HTML Form Selections Being Indexed
I had a client write in and ask a question:
"How do you prevent an engine from indexing a huge list of form selections?"
Initially I started to put together my own list of different ways to block, move or get rid of huge amounts of worthless text but then I dug a little deeper and realized this particular client's situation wasn't a problem at all.
For one thing the pages in question are buried deep in the SERP’s and only show in the index for this query because they support one instance of the “keyphrase”.
My reply…
The reason the form selection(s) are being indexed in these SERP's is because the form HTML is the only place the "keyphrase" is mentioned on those pages. Google is taking the only text around that “keyphrase” and using it in the SERP. If the "keyphrase" wasn't in that form selection (which is read by Google as text), that page would never even come up for that query.

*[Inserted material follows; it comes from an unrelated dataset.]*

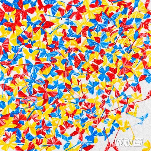 如果说绘画语言是艺术家认识世界,表达自我的方式,那么在郭剑这里,一张纸,反复折叠,揉搓,撕裂,粉碎,都是一次经历。“折纸”的呈现便是艺术家眼中的玲珑多面的人生,用折叠的表象客观的描绘一个看似安静的画面,他像是一个冷静的旁观者,既身处现场又置身事外,在幻想和现实之间寻求某种的平衡。郭剑的架上创作几乎都在尝试对折纸艺术中独有的多元化几何图形进行再创作,画面中纷繁交错的光影对艺术家色彩把握能力及直观想象力有着尤其高的要求。郭剑不仅成功展示出他的出色技艺,更向人们阐释了他对于画面中叙述元素存在与缺失的独特理解,郭剑力图在画面中汇聚过去、现在和未来,去制造出一个“仿真”的新世界,这一点与现象学中的“悬搁”手法不谋而合,即是挑选出一个物体,它所具备的概念及所处的环境和背景都无关紧要。郭剑就是在“悬搁”他的物体,是为了让大家对这个虚拟假象的呈现引起注意。

1. Create content on the page that supports the “keyphrase” and Google will use it instead.
2. Change form application to a non-crawled script such as java. Then you can hold the text in a separate file. This option will decrease your indexed page count for that query because the one instance of the word that Google was using for the SERP will now be gone. Unless by chance there is some obscure link out there pointing to the page with “keyphrase” inserted.
3. Not a huge concern. We are more worried about what comes up in the first few pages of the SERP’s… not the last few.
Yahoo has code to stop the indexing of text snippets but Google still does not.
As complicated as stuff can get sometimes, it’s nice to see the simple things come across my desk every once in a while.